→ HOW TO COMPLETE THIS TASK
Return each line of the listing that follows in which the string "Argentina" can be found.

→ RECORDS SUPPLIED
+++

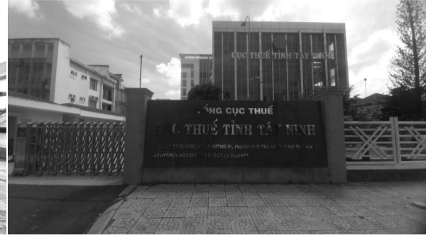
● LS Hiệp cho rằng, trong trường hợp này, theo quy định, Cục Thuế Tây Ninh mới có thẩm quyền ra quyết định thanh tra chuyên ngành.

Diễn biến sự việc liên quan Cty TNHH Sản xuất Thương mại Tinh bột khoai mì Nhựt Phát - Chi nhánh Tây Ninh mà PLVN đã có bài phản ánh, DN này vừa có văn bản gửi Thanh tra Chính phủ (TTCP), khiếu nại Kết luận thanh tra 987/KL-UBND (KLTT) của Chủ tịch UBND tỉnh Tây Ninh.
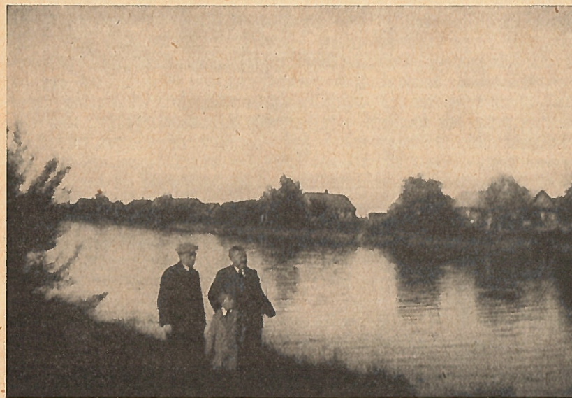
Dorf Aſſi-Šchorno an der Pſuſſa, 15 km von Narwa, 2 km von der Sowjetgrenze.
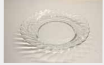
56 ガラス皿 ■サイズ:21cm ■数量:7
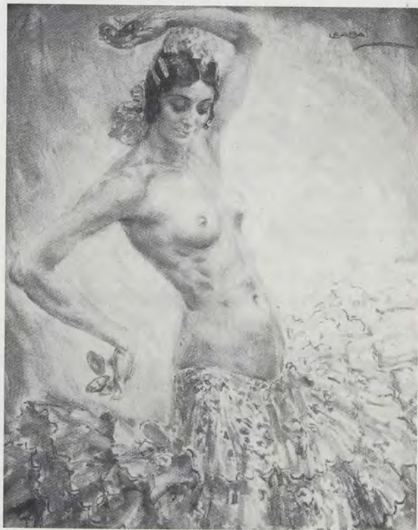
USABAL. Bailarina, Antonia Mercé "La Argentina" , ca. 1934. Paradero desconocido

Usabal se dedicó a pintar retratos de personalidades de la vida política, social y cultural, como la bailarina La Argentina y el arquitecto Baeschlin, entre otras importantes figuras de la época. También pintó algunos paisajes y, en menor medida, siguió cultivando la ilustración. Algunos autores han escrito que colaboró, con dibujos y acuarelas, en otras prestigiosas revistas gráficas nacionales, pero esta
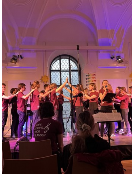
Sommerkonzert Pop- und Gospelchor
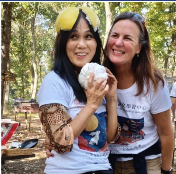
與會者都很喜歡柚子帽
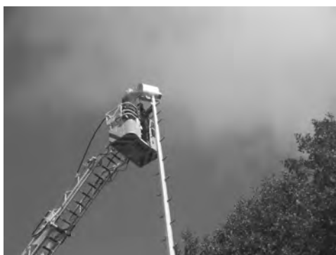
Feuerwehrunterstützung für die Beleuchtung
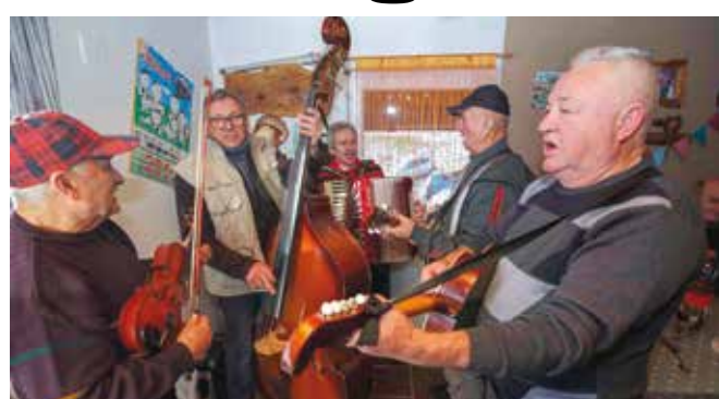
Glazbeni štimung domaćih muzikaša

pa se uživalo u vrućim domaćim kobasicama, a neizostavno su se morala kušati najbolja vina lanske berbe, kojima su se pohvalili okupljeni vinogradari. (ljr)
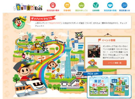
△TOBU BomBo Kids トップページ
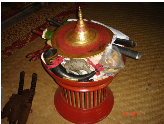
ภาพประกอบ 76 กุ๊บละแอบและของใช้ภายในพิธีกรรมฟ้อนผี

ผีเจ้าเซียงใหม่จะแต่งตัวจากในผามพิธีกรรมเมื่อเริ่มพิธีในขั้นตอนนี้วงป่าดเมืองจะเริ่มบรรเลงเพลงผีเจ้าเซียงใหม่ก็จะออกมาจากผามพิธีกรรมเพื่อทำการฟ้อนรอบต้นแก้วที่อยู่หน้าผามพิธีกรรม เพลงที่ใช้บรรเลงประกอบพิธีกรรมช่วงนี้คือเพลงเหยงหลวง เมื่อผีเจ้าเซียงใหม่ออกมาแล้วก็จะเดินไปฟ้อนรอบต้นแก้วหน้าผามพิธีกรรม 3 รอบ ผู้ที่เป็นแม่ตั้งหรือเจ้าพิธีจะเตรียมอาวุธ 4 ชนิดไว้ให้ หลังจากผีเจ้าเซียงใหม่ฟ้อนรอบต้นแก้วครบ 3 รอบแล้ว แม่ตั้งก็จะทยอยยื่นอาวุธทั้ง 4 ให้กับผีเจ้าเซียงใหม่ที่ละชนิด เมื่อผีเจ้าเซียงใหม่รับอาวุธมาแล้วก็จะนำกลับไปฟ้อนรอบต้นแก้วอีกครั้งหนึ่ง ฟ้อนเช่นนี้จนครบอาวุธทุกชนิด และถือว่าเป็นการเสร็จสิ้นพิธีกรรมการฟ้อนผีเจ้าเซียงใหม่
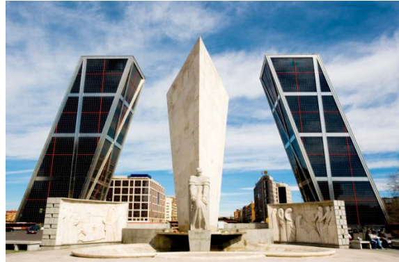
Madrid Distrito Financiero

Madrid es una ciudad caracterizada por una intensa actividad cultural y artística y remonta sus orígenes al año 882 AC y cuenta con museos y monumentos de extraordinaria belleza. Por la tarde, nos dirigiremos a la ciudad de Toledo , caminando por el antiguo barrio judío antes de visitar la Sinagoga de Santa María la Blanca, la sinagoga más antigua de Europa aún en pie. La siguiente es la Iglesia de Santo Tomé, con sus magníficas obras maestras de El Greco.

+++

→ WRITTEN ANSWER
USABAL. Bailarina, Antonia Mercé "La Argentina" , ca. 1934. Paradero desconocido
Usabal se dedicó a pintar retratos de personalidades de la vida política, social y cultural, como la bailarina La Argentina y el arquitecto Baeschlin, entre otras importantes figuras de la época. También pintó algunos paisajes y, en menor medida, siguió cultivando la ilustración. Algunos autores han escrito que colaboró, con dibujos y acuarelas, en otras prestigiosas revistas gráficas nacionales, pero esta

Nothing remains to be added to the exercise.